WHAT TO DO - Below are some records. Print exactly the lines between the one holding "Quantile–quantile plots of" and the one holding "3PCS/Lot Plastic Dough", inclusive, and nothing else.

THE RECORDS -
===============
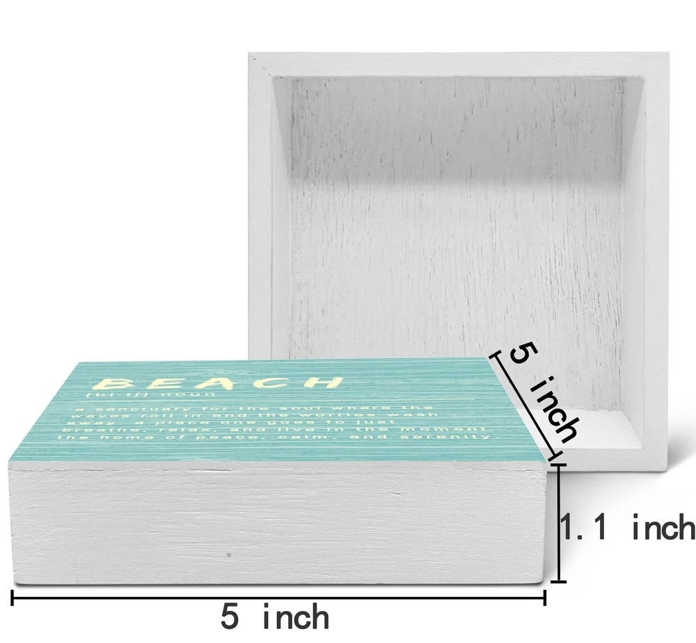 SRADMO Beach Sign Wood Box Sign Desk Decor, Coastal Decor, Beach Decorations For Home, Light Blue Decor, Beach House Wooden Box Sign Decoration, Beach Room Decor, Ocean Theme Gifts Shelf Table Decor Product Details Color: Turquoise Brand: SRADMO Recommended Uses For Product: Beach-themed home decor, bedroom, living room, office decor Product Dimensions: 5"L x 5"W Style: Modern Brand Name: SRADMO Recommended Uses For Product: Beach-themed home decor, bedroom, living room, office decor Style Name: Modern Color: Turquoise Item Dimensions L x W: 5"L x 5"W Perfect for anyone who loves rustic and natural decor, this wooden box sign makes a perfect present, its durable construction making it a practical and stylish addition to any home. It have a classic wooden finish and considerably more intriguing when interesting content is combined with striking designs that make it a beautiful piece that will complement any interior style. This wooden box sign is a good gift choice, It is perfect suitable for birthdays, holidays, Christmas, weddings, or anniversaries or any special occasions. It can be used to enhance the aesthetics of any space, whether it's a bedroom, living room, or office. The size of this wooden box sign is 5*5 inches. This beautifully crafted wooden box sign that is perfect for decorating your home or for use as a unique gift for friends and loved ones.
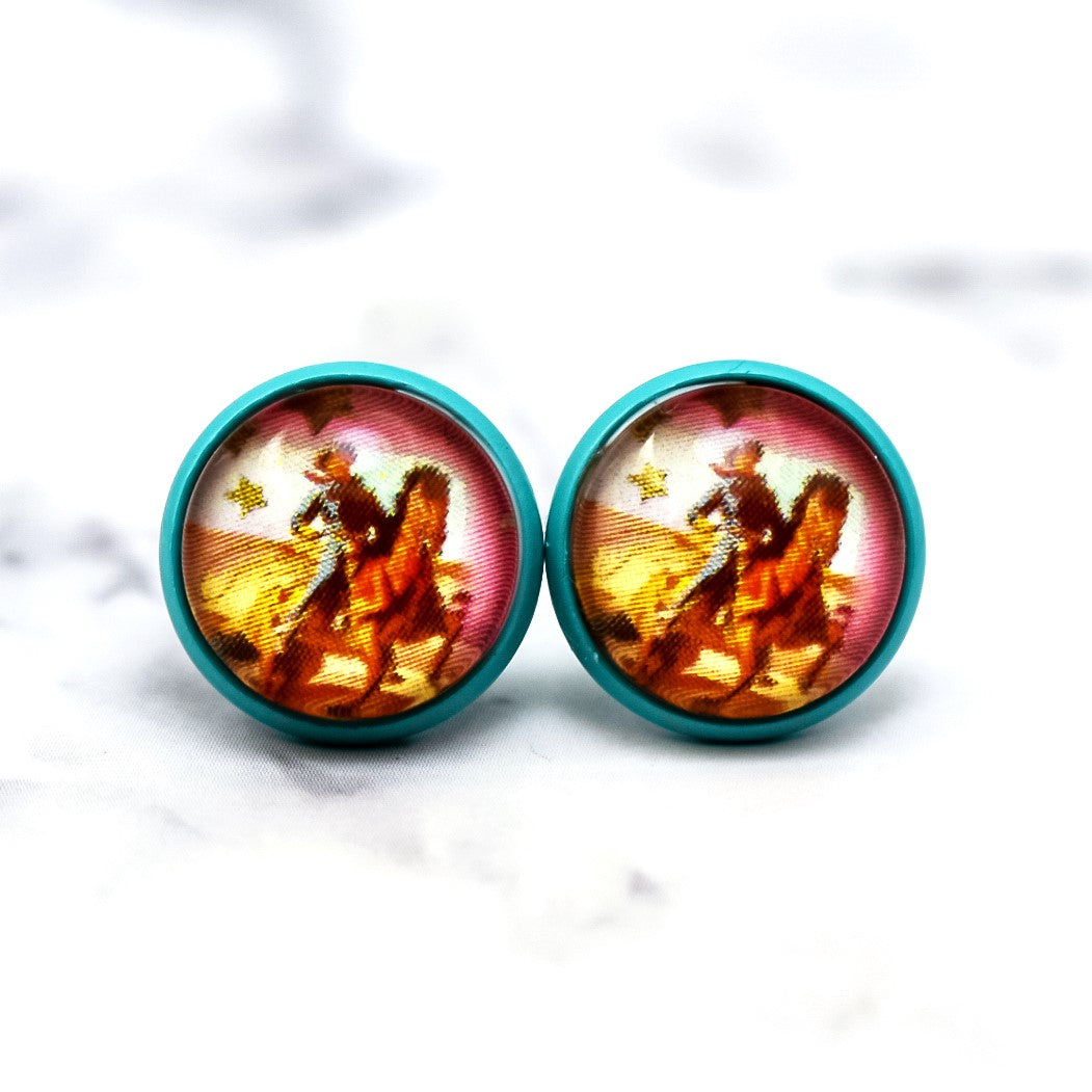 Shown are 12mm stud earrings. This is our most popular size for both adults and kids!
===============
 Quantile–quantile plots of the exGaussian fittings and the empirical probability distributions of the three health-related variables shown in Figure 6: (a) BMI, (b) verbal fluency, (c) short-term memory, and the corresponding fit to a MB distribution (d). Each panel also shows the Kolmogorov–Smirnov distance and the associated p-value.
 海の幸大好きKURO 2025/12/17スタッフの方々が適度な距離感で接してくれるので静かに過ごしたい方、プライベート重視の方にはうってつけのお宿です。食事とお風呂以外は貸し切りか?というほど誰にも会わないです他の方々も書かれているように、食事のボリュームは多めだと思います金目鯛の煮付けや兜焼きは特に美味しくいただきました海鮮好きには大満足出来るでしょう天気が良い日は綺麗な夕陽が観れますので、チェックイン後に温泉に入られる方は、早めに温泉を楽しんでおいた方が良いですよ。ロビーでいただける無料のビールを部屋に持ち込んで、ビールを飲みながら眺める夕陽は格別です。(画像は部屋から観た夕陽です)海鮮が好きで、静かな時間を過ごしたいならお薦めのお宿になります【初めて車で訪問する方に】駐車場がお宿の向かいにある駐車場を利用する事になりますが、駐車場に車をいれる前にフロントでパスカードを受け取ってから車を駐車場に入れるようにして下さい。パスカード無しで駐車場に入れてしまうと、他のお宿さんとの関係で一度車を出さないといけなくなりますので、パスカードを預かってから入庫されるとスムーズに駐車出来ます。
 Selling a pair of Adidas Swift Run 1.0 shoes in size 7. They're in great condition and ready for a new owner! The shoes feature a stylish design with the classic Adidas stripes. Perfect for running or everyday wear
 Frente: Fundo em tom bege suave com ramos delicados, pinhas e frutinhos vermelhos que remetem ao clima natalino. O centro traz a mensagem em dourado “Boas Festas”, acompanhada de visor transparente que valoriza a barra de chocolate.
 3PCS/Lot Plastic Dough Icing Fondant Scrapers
===============
EXERCISE OUTPUT -
 Quantile–quantile plots of the exGaussian fittings and the empirical probability distributions of the three health-related variables shown in Figure 6: (a) BMI, (b) verbal fluency, (c) short-term memory, and the corresponding fit to a MB distribution (d). Each panel also shows the Kolmogorov–Smirnov distance and the associated p-value.
 海の幸大好きKURO 2025/12/17スタッフの方々が適度な距離感で接してくれるので静かに過ごしたい方、プライベート重視の方にはうってつけのお宿です。食事とお風呂以外は貸し切りか?というほど誰にも会わないです他の方々も書かれているように、食事のボリュームは多めだと思います金目鯛の煮付けや兜焼きは特に美味しくいただきました海鮮好きには大満足出来るでしょう天気が良い日は綺麗な夕陽が観れますので、チェックイン後に温泉に入られる方は、早めに温泉を楽しんでおいた方が良いですよ。ロビーでいただける無料のビールを部屋に持ち込んで、ビールを飲みながら眺める夕陽は格別です。(画像は部屋から観た夕陽です)海鮮が好きで、静かな時間を過ごしたいならお薦めのお宿になります【初めて車で訪問する方に】駐車場がお宿の向かいにある駐車場を利用する事になりますが、駐車場に車をいれる前にフロントでパスカードを受け取ってから車を駐車場に入れるようにして下さい。パスカード無しで駐車場に入れてしまうと、他のお宿さんとの関係で一度車を出さないといけなくなりますので、パスカードを預かってから入庫されるとスムーズに駐車出来ます。
 Selling a pair of Adidas Swift Run 1.0 shoes in size 7. They're in great condition and ready for a new owner! The shoes feature a stylish design with the classic Adidas stripes. Perfect for running or everyday wear
 Frente: Fundo em tom bege suave com ramos delicados, pinhas e frutinhos vermelhos que remetem ao clima natalino. O centro traz a mensagem em dourado “Boas Festas”, acompanhada de visor transparente que valoriza a barra de chocolate.
 3PCS/Lot Plastic Dough Icing Fondant Scrapers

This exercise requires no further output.